Here, as explained in chapter 7, the fact that [math]\mu_f[/math] as above exists indeed is not exactly trivial. But we can do this by looking at formulae of the following type:

[[math]] E(\varphi(f))=\int_\mathbb R\varphi(x)d\mu_f(x) [[/math]]

Indeed, having this for monomials [math]\varphi(x)=x^n[/math], as above, is the same as having it for polynomials [math]\varphi\in\mathbb R[X][/math], which in turn is the same as having it for the characteristic functions [math]\varphi=\chi_I[/math] of measurable sets [math]I\subset\mathbb R[/math]. Thus, in the end, what we need is:

[[math]] P(f\in I)=\mu_f(I) [[/math]]

But this formula can serve as a definition for [math]\mu_f[/math], and we are done.

Regarding now independence, as explained in chapter 7, we can formulate here:

Definition

Two variables [math]f,g\in L^\infty(X)[/math] are called independent when

[[math]] E(f^kg^l)=E(f^k)\,E(g^l) [[/math]]

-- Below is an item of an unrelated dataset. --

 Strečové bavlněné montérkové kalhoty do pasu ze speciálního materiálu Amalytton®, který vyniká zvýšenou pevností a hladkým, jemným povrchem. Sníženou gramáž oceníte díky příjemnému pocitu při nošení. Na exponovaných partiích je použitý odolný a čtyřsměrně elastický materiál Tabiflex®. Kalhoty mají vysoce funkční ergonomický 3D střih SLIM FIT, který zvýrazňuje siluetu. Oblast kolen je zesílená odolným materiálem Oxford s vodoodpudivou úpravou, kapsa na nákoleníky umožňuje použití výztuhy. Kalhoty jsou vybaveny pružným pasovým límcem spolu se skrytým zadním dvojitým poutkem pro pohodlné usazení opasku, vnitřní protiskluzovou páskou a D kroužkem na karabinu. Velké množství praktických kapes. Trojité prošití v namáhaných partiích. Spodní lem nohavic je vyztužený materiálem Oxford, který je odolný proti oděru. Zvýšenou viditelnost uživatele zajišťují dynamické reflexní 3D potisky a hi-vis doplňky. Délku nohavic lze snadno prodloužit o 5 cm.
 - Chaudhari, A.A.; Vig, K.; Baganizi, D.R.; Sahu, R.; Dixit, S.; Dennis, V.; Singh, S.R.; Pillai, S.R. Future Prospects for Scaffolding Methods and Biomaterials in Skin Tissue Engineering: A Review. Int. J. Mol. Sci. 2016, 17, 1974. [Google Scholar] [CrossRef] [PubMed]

happens, for any [math]k,l\in\mathbb N[/math].

Again, this definition hides some non-trivial things, the idea being a bit as before, namely that of looking at formulae of the following type:

[[math]] E[\varphi(f)\psi(g)]=E[\varphi(f)]\,E[\psi(g)] [[/math]]

To be more precise, passing as before from monomials to polynomials, then to characteristic functions, we are led to the usual definition of independence, namely:

[[math]] P(f\in I,g\in J)=P(f\in I)\,P(g\in J) [[/math]]

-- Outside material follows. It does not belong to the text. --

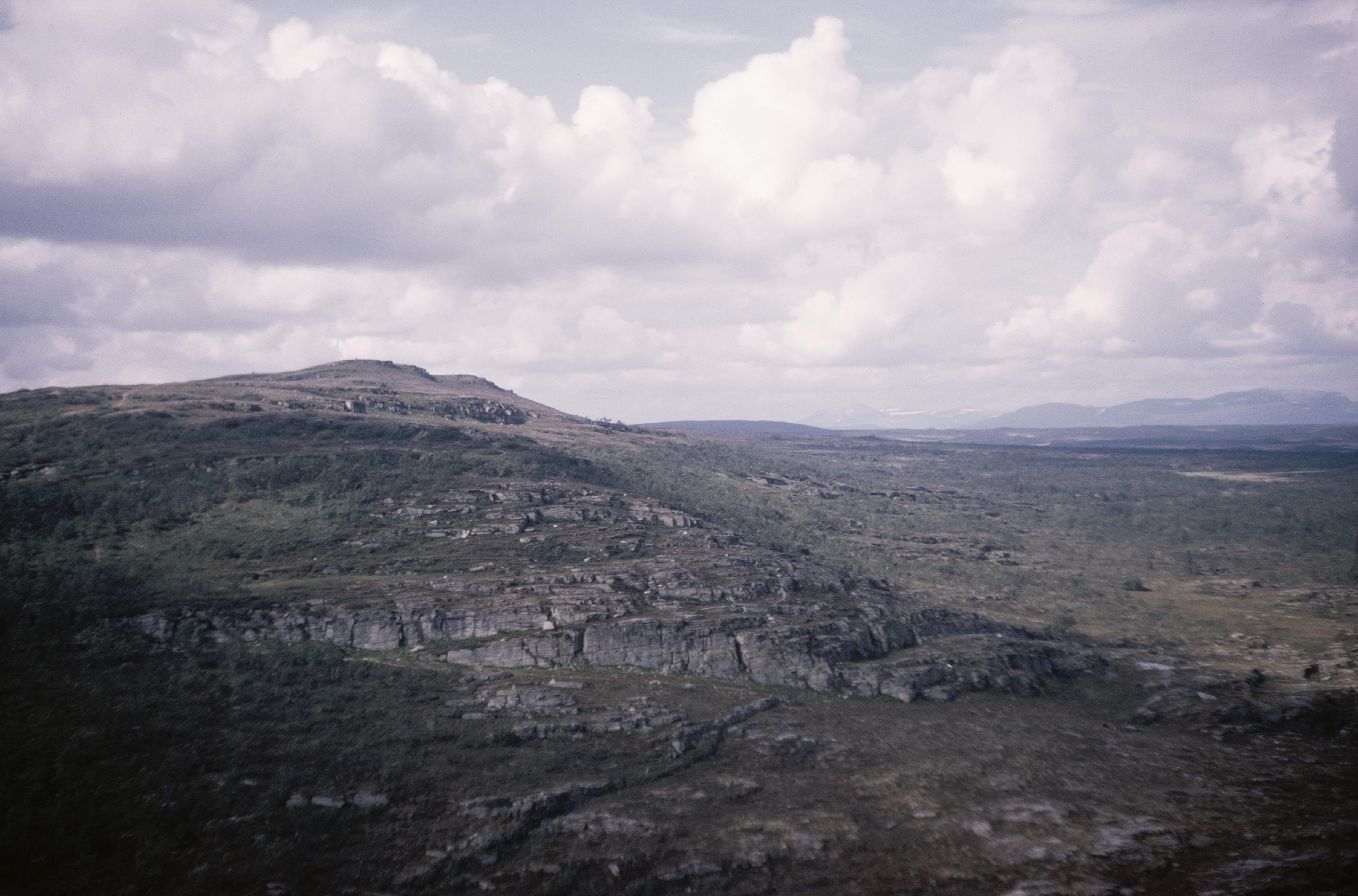 Beskrivning: Anmärkning (övrig): Riksintresse-nr/namn: Z53 - Ruändan. Socken: Hede, Ljusnedal <Tannäs> och Storsjö. Motivering: Hällbildsmiljö med en av Sveriges största och figurrikaste hällmålningslokaler, belägen på en lodrät bergvägg högt uppe på lågfjället Flatruets östra sida med vidsträckt utsikt över landskapet. (Fångstmiljö, Kognitiv miljö). - Uttryck för riksintresset: Hällmålningslokalen består av ett 20-tal figurer föreställande bl.a. älg, ren, björn och människa. Inom miljön finns även sju fångstgropslokaler samt de sägenomspunna naturformationerna Evagraven och Fiskhålsgraven. - I området ingår även: Fäbodvallen Ruvallen med i huvudsak ursprungligt byggnadsbestånd. [Texten uppdaterat av Riksantikvarieämbetet (…) Texten i detta fält har förkortats vid migrering till e-arkivet. Se filbilagan extra.xml för fullständig information under note_archivist. Beskrivning: Östra delen av lågfjället Flatruet (Fleete). Uppe till vänster bergstoppen Ruändan (Sjnjaptjegietije). I bergsidan under bildens mitt en lodrätt klippvägg med hällmålningar RAÄnr Tännäs 58:1. Bilden är tagen mot (väderstreck): NV Fotosyfte: Flygbildsdokumentation

As a first result now, that we know well from chapter 7, we have:

Theorem

Assuming that [math]f,g\in L^\infty(X)[/math] are independent, we have

[[math]] \mu_{f+g}=\mu_f*\mu_g [[/math]]

where [math]*[/math] is the convolution of real probability measures.

Show Proof

We have the following computation, using the independence of [math]f,g[/math]:

[[math]] \int_\mathbb Rx^kd\mu_{f+g}(x) =E((f+g)^k) =\sum_r\binom{k}{r}M_r(f)M_{k-r}(g) [[/math]]

On the other hand, we have as well the following computation:

[[math]] \begin{eqnarray*} \int_\mathbb Rx^kd(\mu_f*\mu_g)(x) &=&\int_{\mathbb R\times\mathbb R}(x+y)^kd\mu_f(x)d\mu_g(y)\\ &=&\sum_r\binom{k}{r}M_r(f)M_{k-r}(g) \end{eqnarray*} [[/math]]

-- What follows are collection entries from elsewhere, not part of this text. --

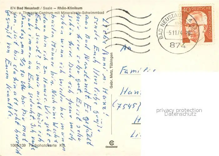 Bad_Neustadt Rhoen Klinikum Freibad Bad_Neustadt postalisch gelaufen 1974 Erhaltung siehe scans [WerneD78] WernPID7
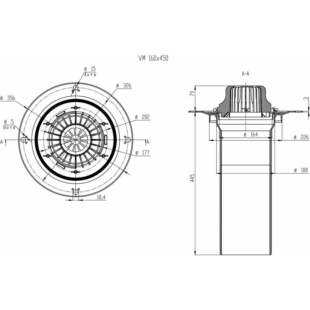 | Диаметр выпуска (отверстия для слива) | 160 мм |
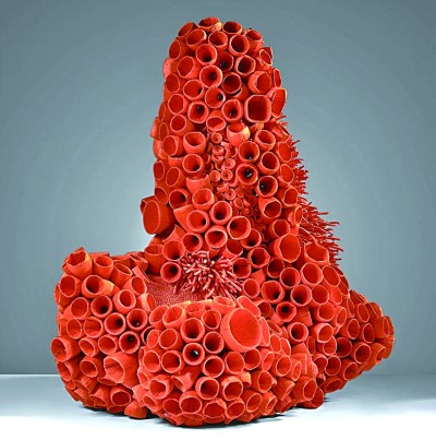 ④ 结合人体红细胞与珊瑚形态创作的纤维雕塑

Thus [math]\mu_{f+g}[/math] and [math]\mu_f*\mu_g[/math] have the same moments, so they coincide, as claimed.

■

As a second result on independence, which is more advanced, we have:

Theorem

Assuming that [math]f,g\in L^\infty(X)[/math] are independent, we have

[[math]] F_{f+g}=F_fF_g [[/math]]

where [math]F_f(x)=E(e^{ixf})[/math] is the Fourier transform.

Show Proof

This is something that we know too from chapter 7, coming from:

[[math]] \begin{eqnarray*} F_{f+g}(x) &=&\int_\mathbb Re^{ixz}d(\mu_f*\mu_g)(z)\\ &=&\int_{\mathbb R\times\mathbb R}e^{ix(z+t)}d\mu_f(z)d\mu_g(t)\\ &=&\int_\mathbb Re^{ixz}d\mu_f(z)\int_\mathbb Re^{ixt}d\mu_g(t)\\ &=&F_f(x)F_g(x) \end{eqnarray*} [[/math]]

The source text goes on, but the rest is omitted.